To begin to understand why organizational behavioral theories about leadership and diversity are critical for hospitals, it is important to understand the conditions of the organization and the behavior and expectations of key employees, particularly patient care managers and providers. Supervising nurses and physicians responsible for patient care are the patient care managers for the service providers, such as orderlies, nurses, and physical therapists. These patient care managers are in turn managed by an administrator within their department, such as orthopedics, and the central core management of chief officers, such as chief medical officer, chief information officer, and sometimes the chief operating officer (Feigenbaum, n.d.). Because the patient care managers and providers must respond to changing crisis conditions, such as receiving a dozen people in a bus accident or an aggressive outbreak of a virus, they must be given a certain level of autonomy and discretion for making decisions. They must also be allowed to develop and draw upon the intimate patient-care provider relationship in order to be motivated to provide the best level of care and employee performance. 

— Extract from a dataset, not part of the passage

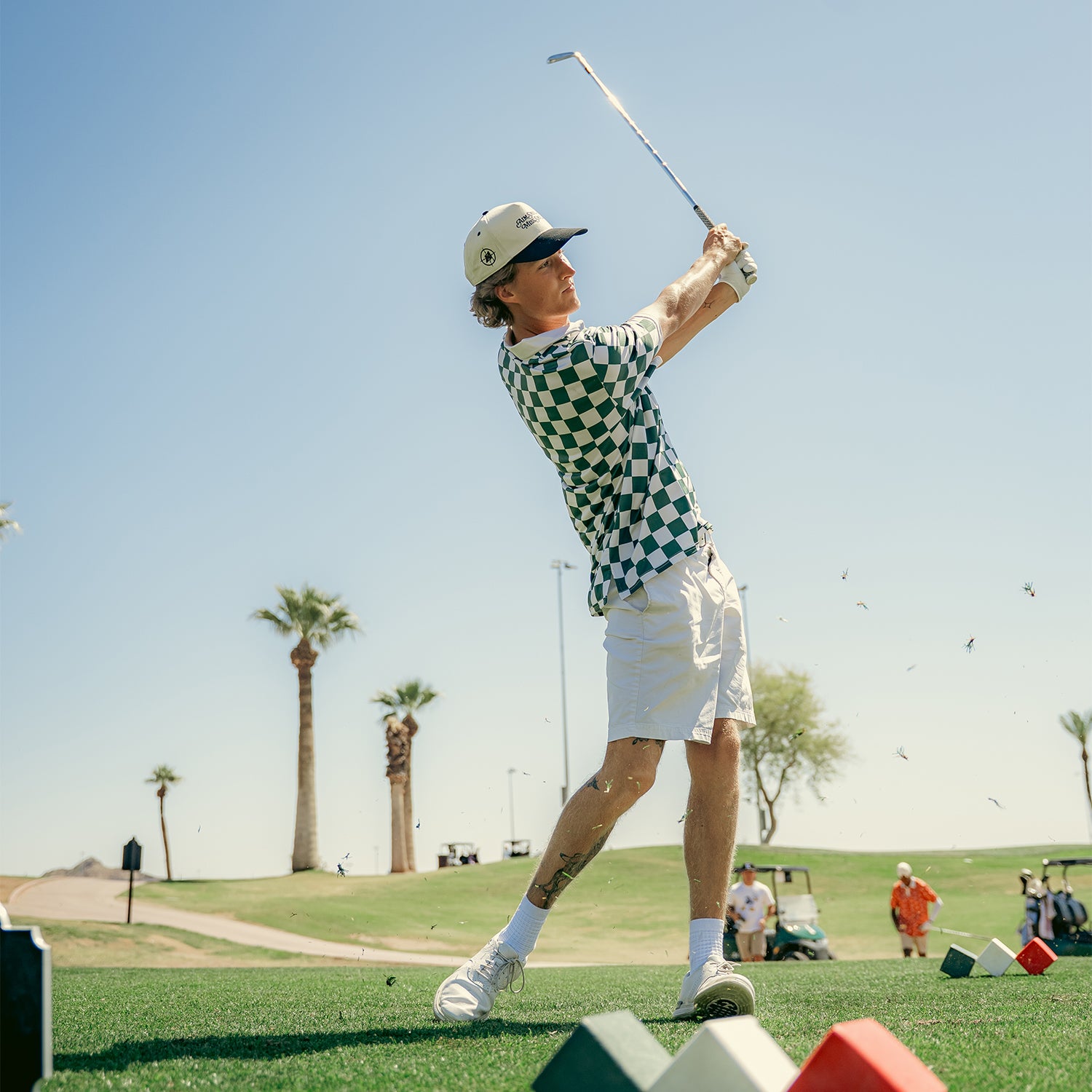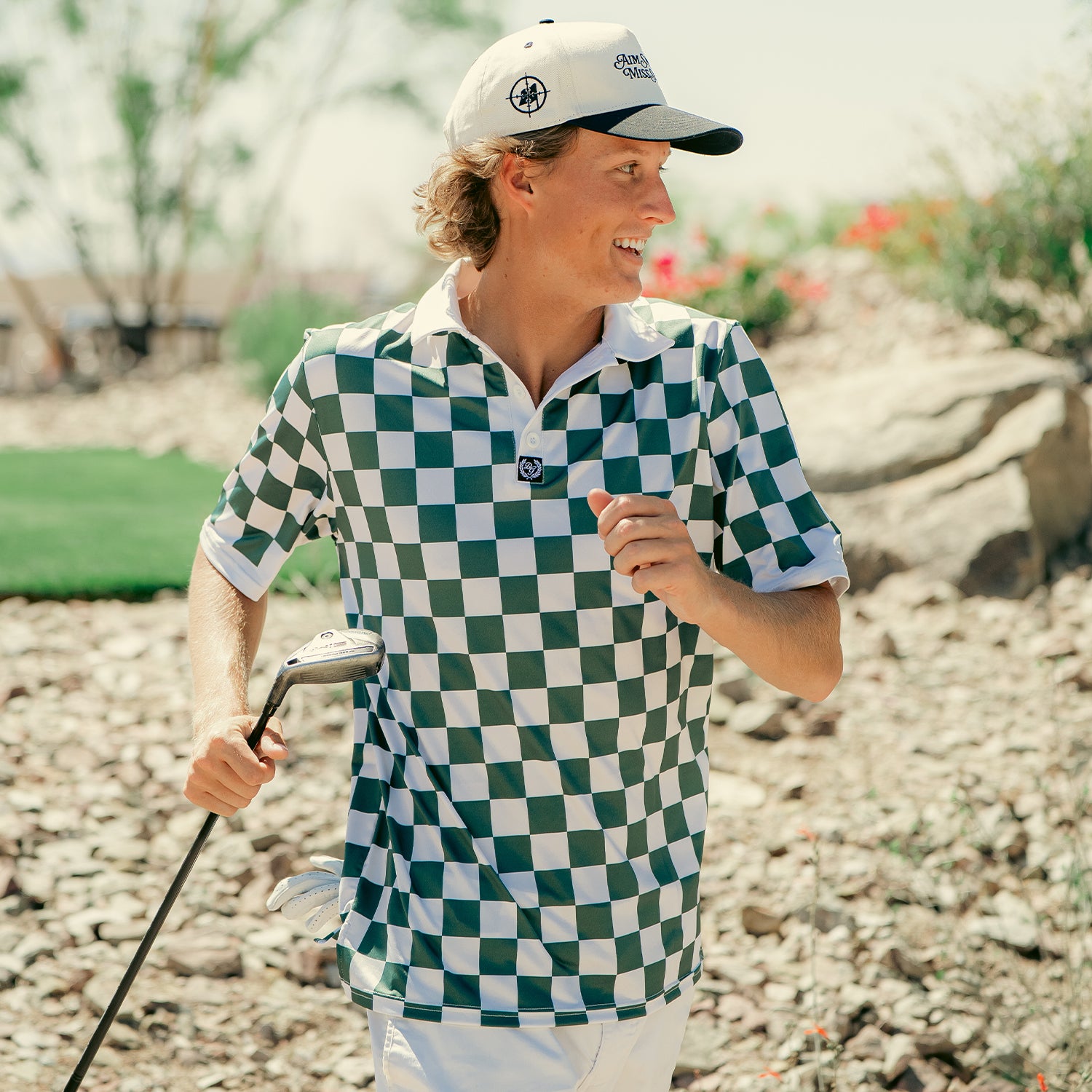 CHECK MATE. The checkered patterns of Dicey's staple colors; Green and White.

At odds with this environment are factors such as shrinking budgets, rising costs, a changing demographic, and political issues and legislation. According to Glickman, Baggett, Krubert, Peterson, and Schulman (2007): “Clinical care is ultimately delivered to patients along relatively autonomous service lines (i.e. cardiology services, oncology services), and strategies need to be developed to achieve fit and synergy among these diverse groups.”

In Organizational Behavior (2010), the authors succinctly describe the healthcare manager’s job as consisting of four functions: planning, organizing, leading, and controlling (Griffin & Moorehead, 2010, p. 22). For the healthcare industry in particular, organizing and controlling are two essential and complicated functions to manage effectively. Organizing in this case means, “designing jobs, grouping jobs into manageable units, and establishing patterns of authority among jobs and groups of jobs” while controlling is “monitoring and correcting the actions of the organization and its people to keep them headed toward their goal” (p. 22). In healthcare, in order for a manager to be successful, he or she must create an atmosphere of leadership for the employees. 

Nancy Barkowski (2011) refers to an important piece of work from theorist Douglas McGregor on management ideology, Theory X and Theory Y: “Theory Y states that employees are creative and competent; they want meaningful work; they want to contribute; and they want to participate in decision-making and leadership functions” (p.8). Furthermore, Barkowski claims that managers using Theory Y, “created opportunities, removed obstacles, and encouraged growth for their employees… [and] supported decentralization and delegation of decision making, job enlargement, and participative management because they allowed employees degrees of freedom to direct their own activities and assume responsibility” (2011, p. 9). While all of these outcomes are desirable to any company, they are necessary for healthcare managers because of the dynamic and challenging nature of the day-to-day business and the turbulent conditions for the industry as a whole. In other words, it is impossible for healthcare organizations to viably survive if they do not allow their employees, especially those with specialized or technical skills, to assume leadership and goal-setting roles within the organization.

In Institutional Change and Healthcare Organizations (2010), Richard Scott explains the classic mindset of people within an organization: “Most of us tend to buy into the liberal conceit that individual persons are the primary actors in modern society and…. we neglect the extent to which all of us are more often the agents of organizations, working to achieve not our own personal but organizational objectives” (p. 2). For many doctors, this belief is reified by the training, responsibility, autonomy, and cultural worth their position entails. Health care providers are required to use their best judgment in patient treatment and care, which is at potential conflict with the manager’s need to organize and control the doctor’s roles and outcomes to maximize profitability and maintain a routine level of care. 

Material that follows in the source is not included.